What needs to be done ▸ For this exercise, copy exactly every line from the one holding "لوستر پر دو" through the end of the data, both included. Omit pictures.

Dataset excerpts
════════

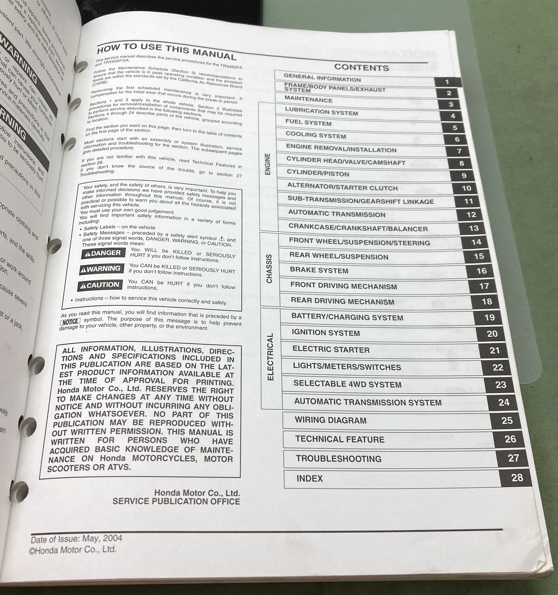 Genuine Honda 61HN802 TRX650FA TRX650FGA Service Manual 2003-2005
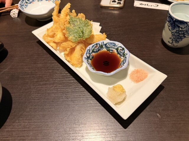 そして目玉の呼子イカの姿造りが登場。透き通るほど新鮮な身は甘みが強く、噛むほどに旨みが広がります。ゲソは後から天ぷらにしていただけるのも嬉しい演出で、さくっと揚がった衣の軽さとイカの柔らかさの対比が絶妙でした。
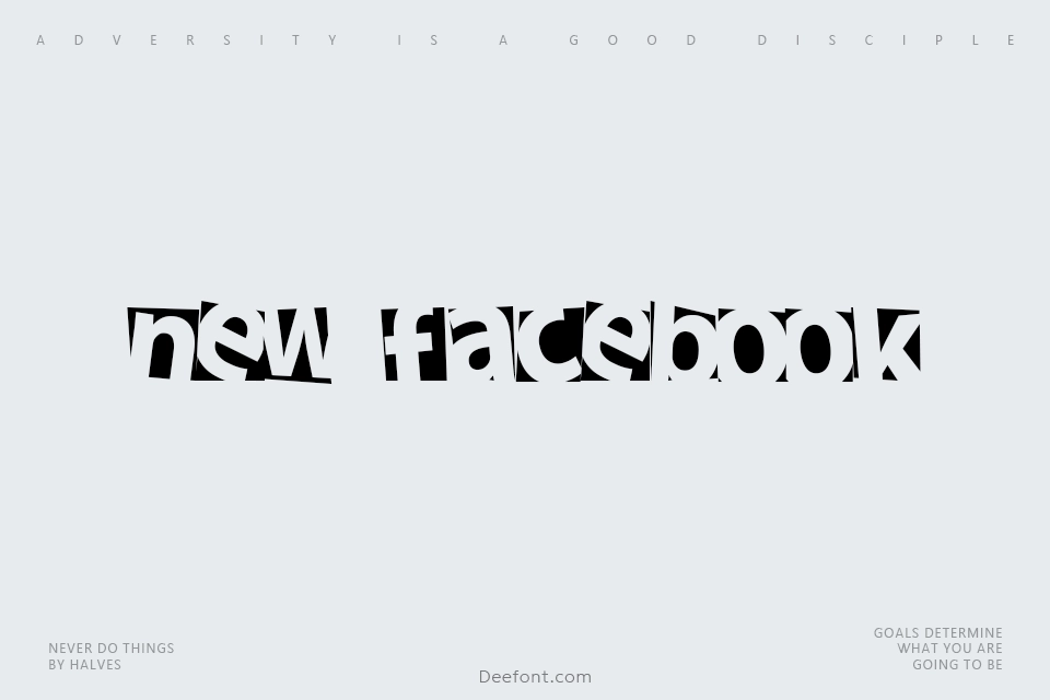 New Facebook is a distinctive distorted and decorative font featuring chaotic and defective letterforms that create a modern, eye-catching aesthetic. This full lowercase typeface includes all numerals and essential punctuation marks, making it ideal for mastheads, social media posts, logotypes, advertisements, and creative display projects. With its atypical vibe and distorted character design, New Facebook brings a unique and memorable presence to any design work requiring an unconventional typographic approach.
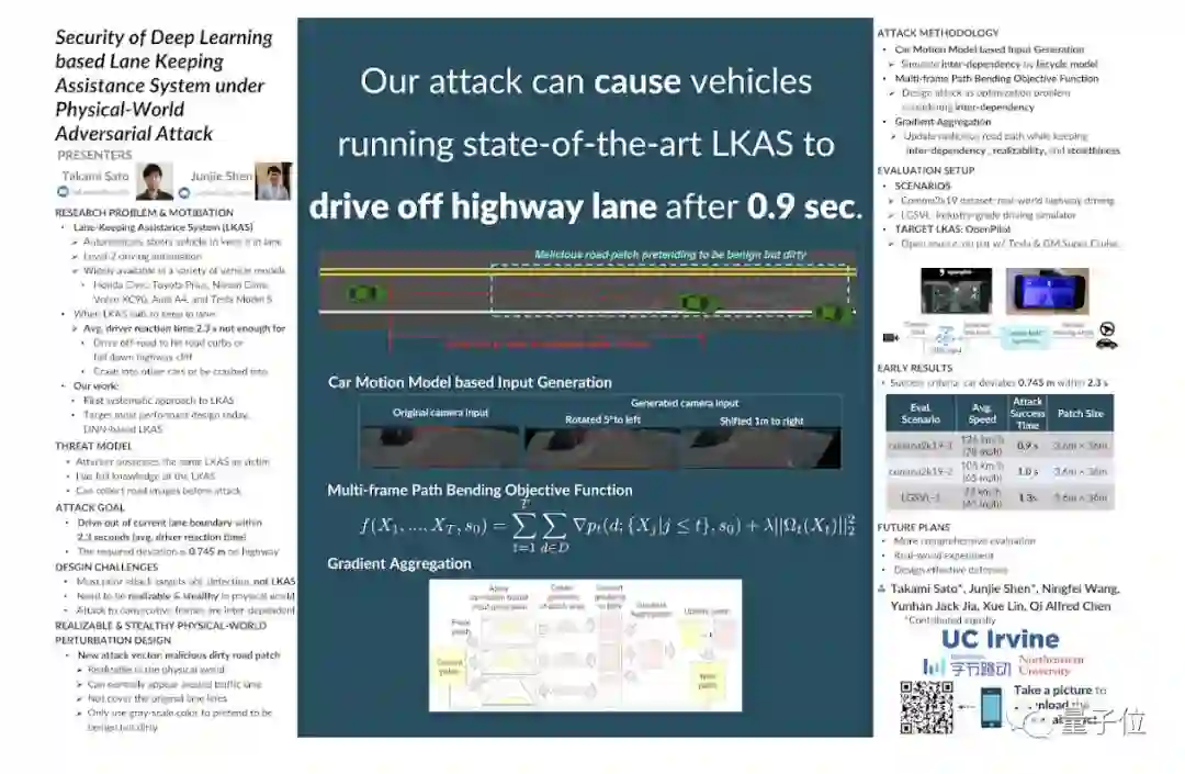 这就是研究者们展开课题的初衷,加州大学欧文分校的博士生、该研究共同一作沈骏杰说:“从这类系统的用户角度考虑,我很想知道到底目前最好的车道保持系统是否足够安全,以及如何确保它的安全。”
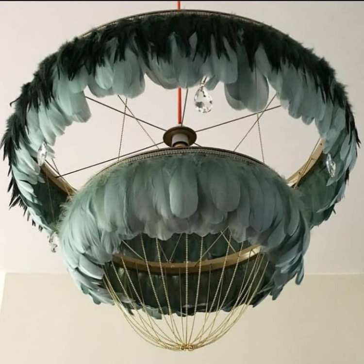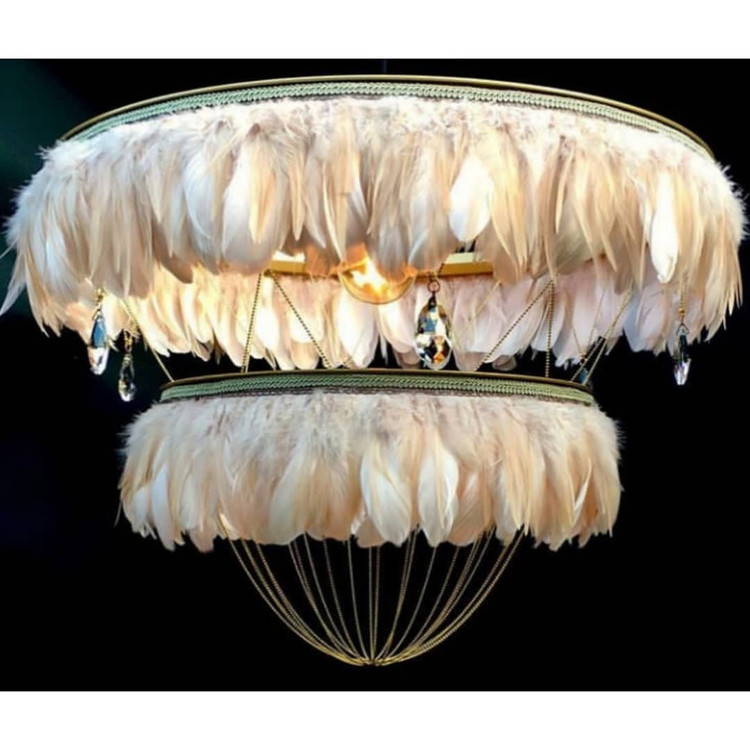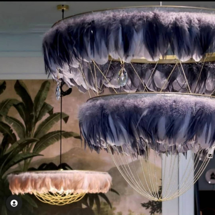 لوستر پر دو طبقه شیک و جذاب با قطر ۴۰ و ۲۰ سانتیمتر و رنگبندی پرپرها. بدون نیاز به شستشو.
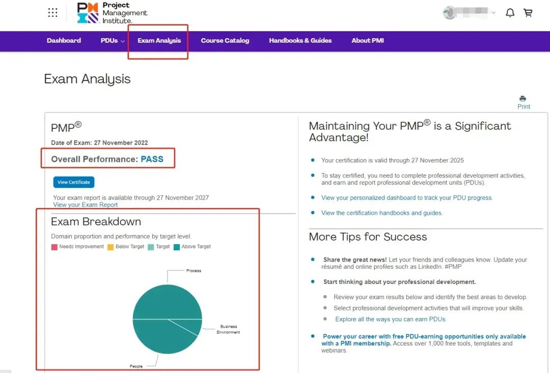 通过考试:登录PMI个人账户,点击【Exam Analysis-View Certificate】选项,即可查询并下载电子证书PDF版本。电子版证书与纸质版证书具有同等效力,日常工作中使用电子版证书即可。若想获取纸质版证书,需等待官方通知。
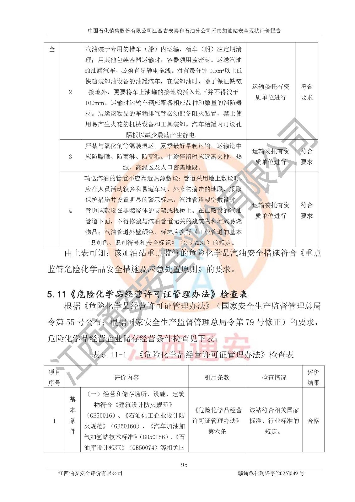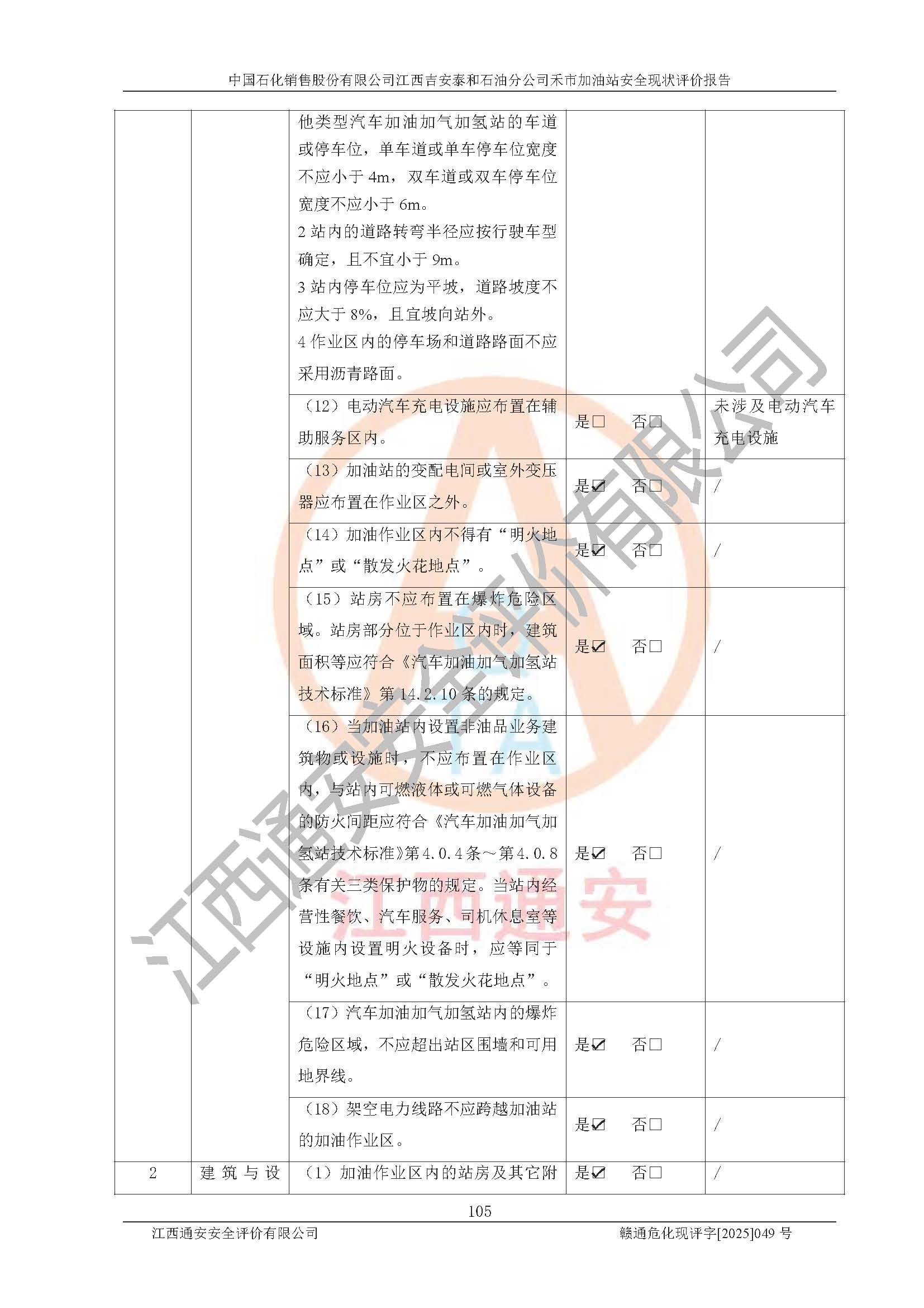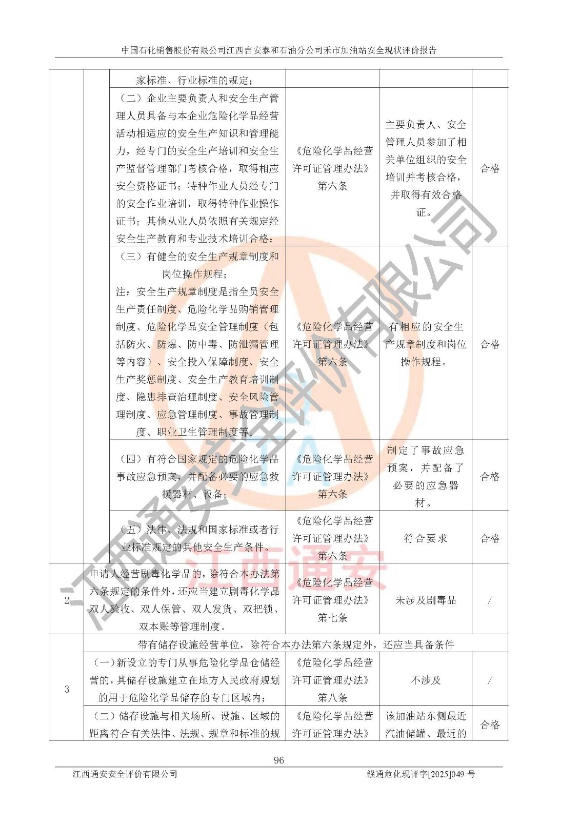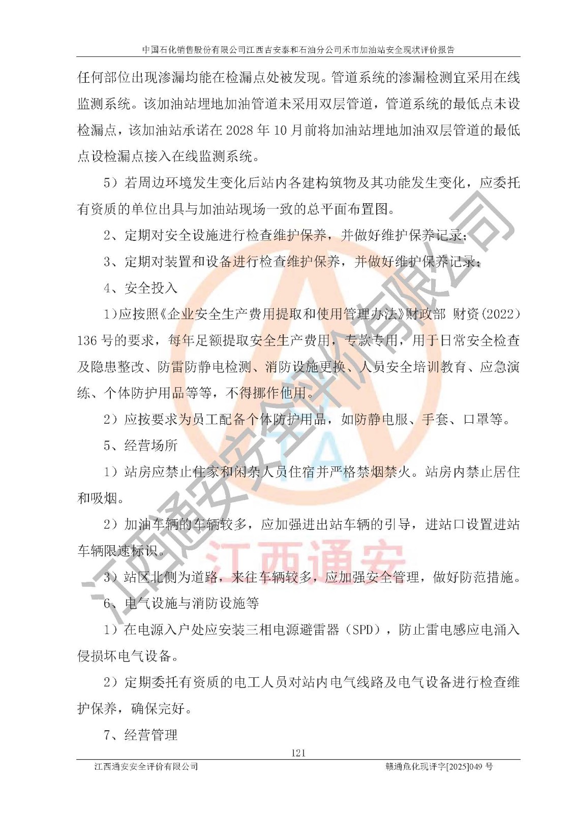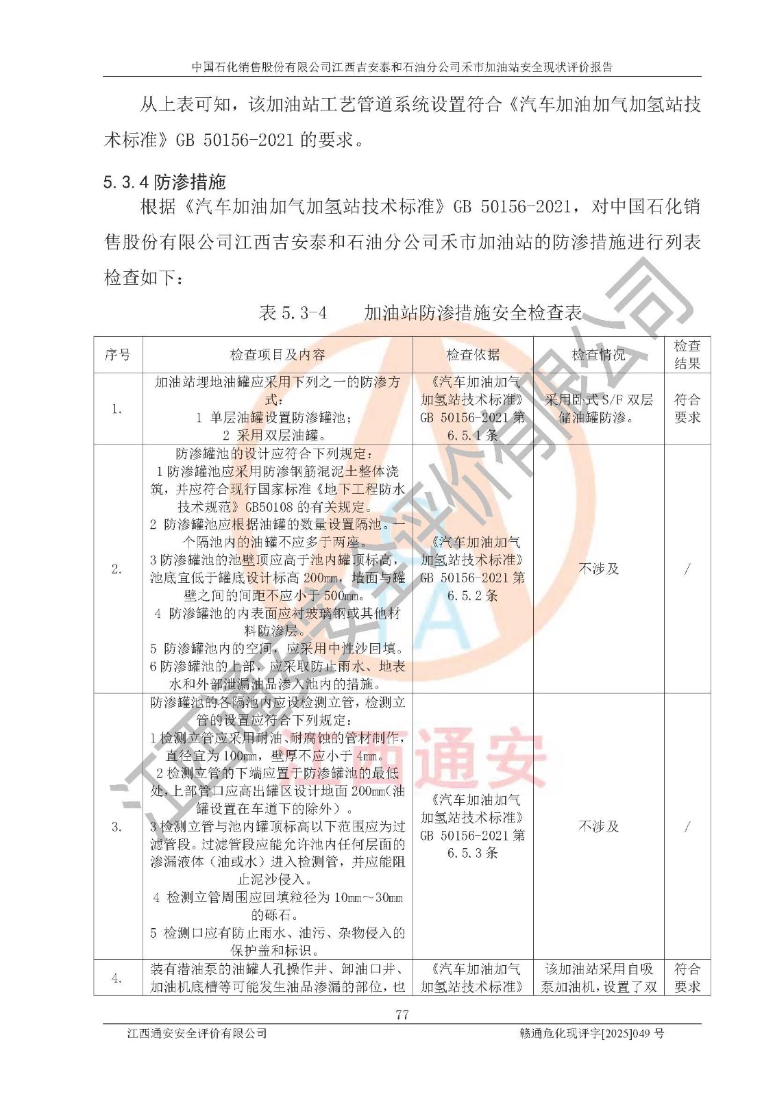 評(píng)價(jià)結(jié)論 | 中國(guó)石化銷售股份有限公司江西吉安泰和石油分公司禾市加油站該加油站卸油口與站房安全距離不符合《汽車加油加氣加氫站技術(shù)標(biāo)準(zhǔn)》GB 50156-2021 的有關(guān)要求,該站**在 2025年底進(jìn)行施工改造時(shí)一并整改到位,該站對(duì)存在的不符合項(xiàng)整改到位后滿足危險(xiǎn)化學(xué)品經(jīng)營(yíng)條件。 | |||

════════

Exercise result ▸
 لوستر پر دو طبقه شیک و جذاب با قطر ۴۰ و ۲۰ سانتیمتر و رنگبندی پرپرها. بدون نیاز به شستشو.
 通过考试:登录PMI个人账户,点击【Exam Analysis-View Certificate】选项,即可查询并下载电子证书PDF版本。电子版证书与纸质版证书具有同等效力,日常工作中使用电子版证书即可。若想获取纸质版证书,需等待官方通知。
 評(píng)價(jià)結(jié)論 | 中國(guó)石化銷售股份有限公司江西吉安泰和石油分公司禾市加油站該加油站卸油口與站房安全距離不符合《汽車加油加氣加氫站技術(shù)標(biāo)準(zhǔn)》GB 50156-2021 的有關(guān)要求,該站**在 2025年底進(jìn)行施工改造時(shí)一并整改到位,該站對(duì)存在的不符合項(xiàng)整改到位后滿足危險(xiǎn)化學(xué)品經(jīng)營(yíng)條件。 | |||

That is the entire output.